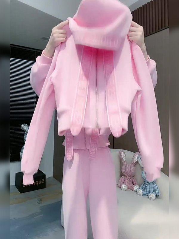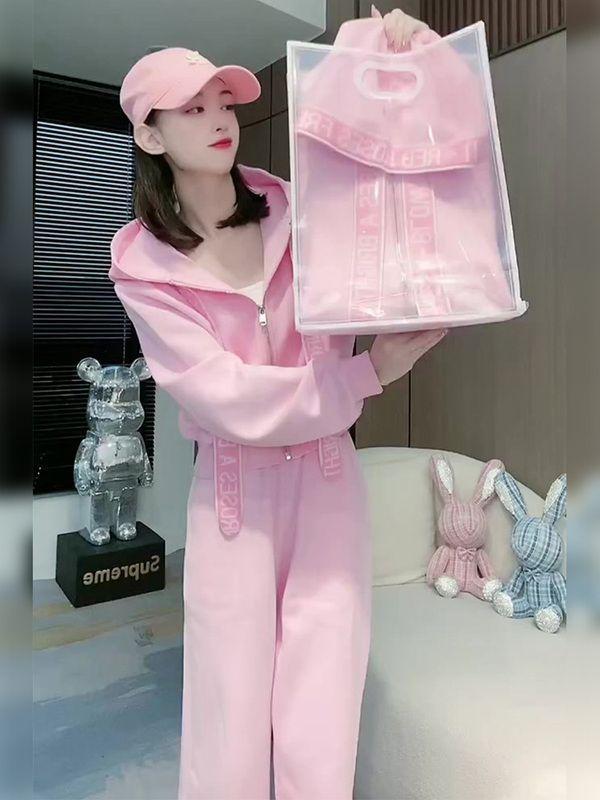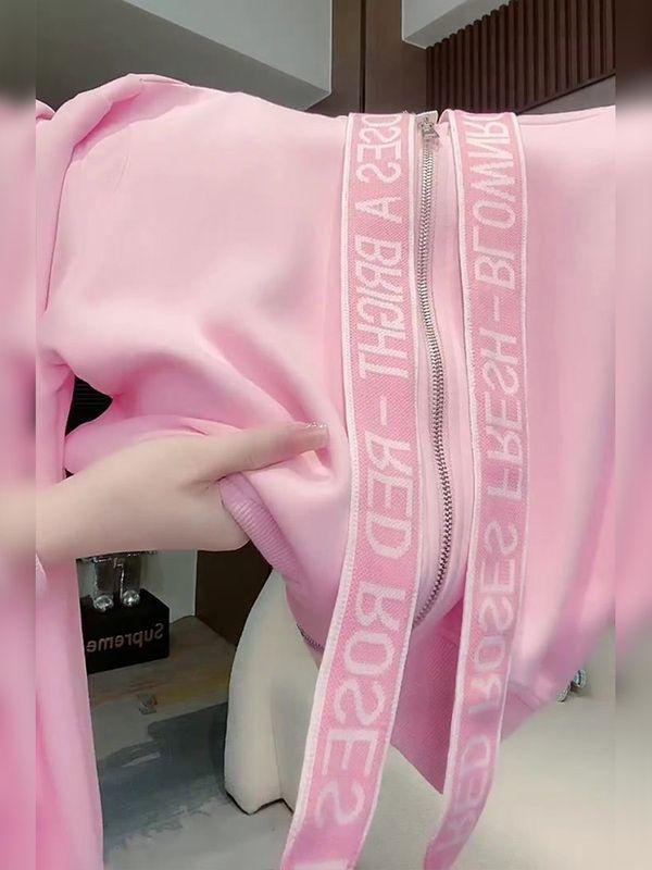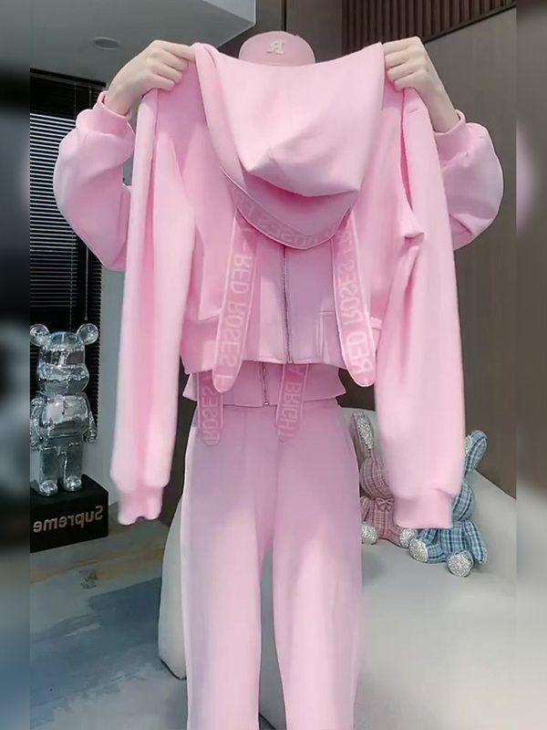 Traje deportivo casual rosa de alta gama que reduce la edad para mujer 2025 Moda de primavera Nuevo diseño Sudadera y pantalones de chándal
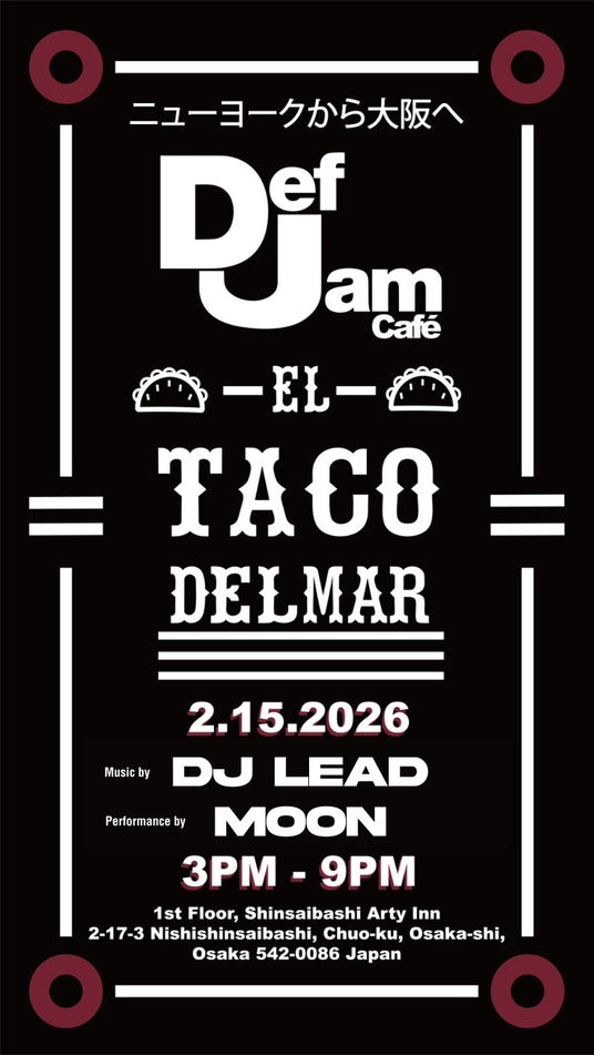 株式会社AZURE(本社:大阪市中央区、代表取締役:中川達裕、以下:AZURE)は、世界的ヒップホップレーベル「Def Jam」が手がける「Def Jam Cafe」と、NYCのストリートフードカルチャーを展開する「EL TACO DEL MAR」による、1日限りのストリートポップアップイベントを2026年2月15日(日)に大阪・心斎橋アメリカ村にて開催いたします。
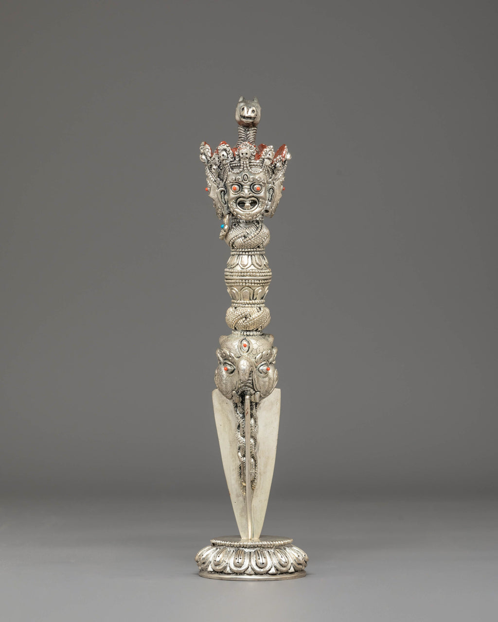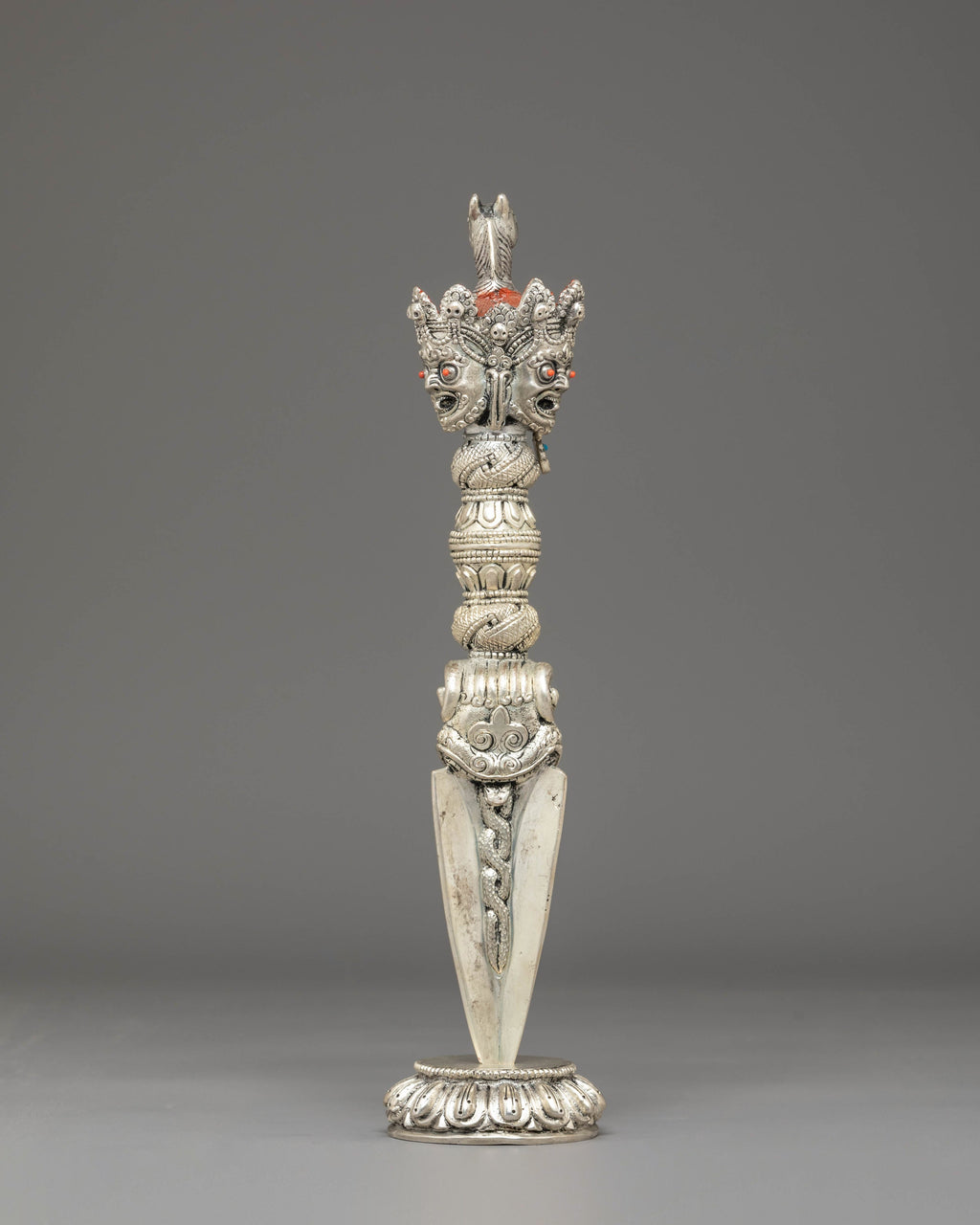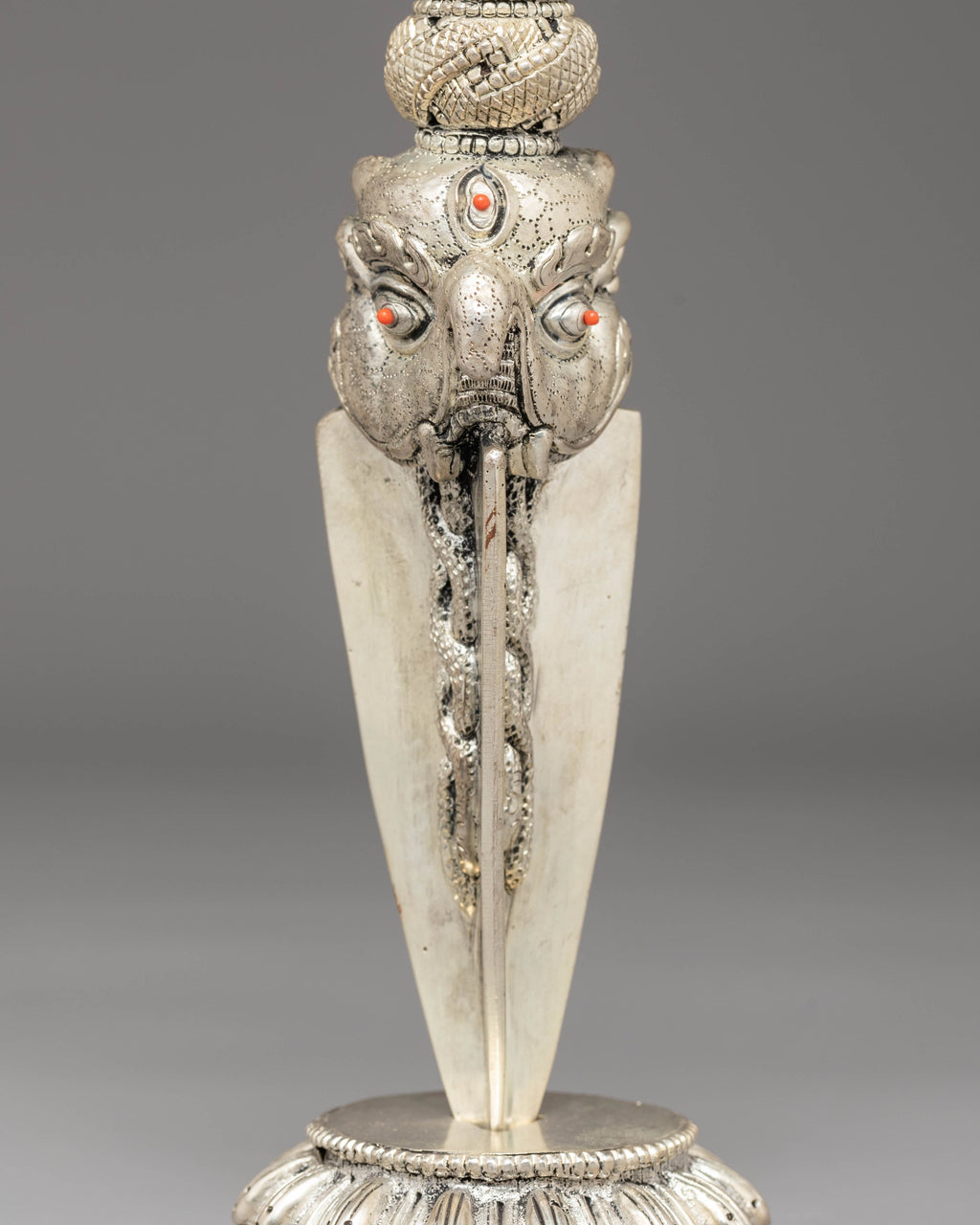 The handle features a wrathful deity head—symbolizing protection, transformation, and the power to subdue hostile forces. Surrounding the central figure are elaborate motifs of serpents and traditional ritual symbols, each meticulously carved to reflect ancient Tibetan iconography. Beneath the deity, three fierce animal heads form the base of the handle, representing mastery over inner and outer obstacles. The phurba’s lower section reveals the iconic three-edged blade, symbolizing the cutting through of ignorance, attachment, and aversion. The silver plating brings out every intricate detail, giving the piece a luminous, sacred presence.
════
ACTION ITEM
The whole listing above, minus its pictures, is what you should write out word for word.

WRITTEN ANSWER
 Traje deportivo casual rosa de alta gama que reduce la edad para mujer 2025 Moda de primavera Nuevo diseño Sudadera y pantalones de chándal
 株式会社AZURE(本社:大阪市中央区、代表取締役:中川達裕、以下:AZURE)は、世界的ヒップホップレーベル「Def Jam」が手がける「Def Jam Cafe」と、NYCのストリートフードカルチャーを展開する「EL TACO DEL MAR」による、1日限りのストリートポップアップイベントを2026年2月15日(日)に大阪・心斎橋アメリカ村にて開催いたします。
 The handle features a wrathful deity head—symbolizing protection, transformation, and the power to subdue hostile forces. Surrounding the central figure are elaborate motifs of serpents and traditional ritual symbols, each meticulously carved to reflect ancient Tibetan iconography. Beneath the deity, three fierce animal heads form the base of the handle, representing mastery over inner and outer obstacles. The phurba’s lower section reveals the iconic three-edged blade, symbolizing the cutting through of ignorance, attachment, and aversion. The silver plating brings out every intricate detail, giving the piece a luminous, sacred presence.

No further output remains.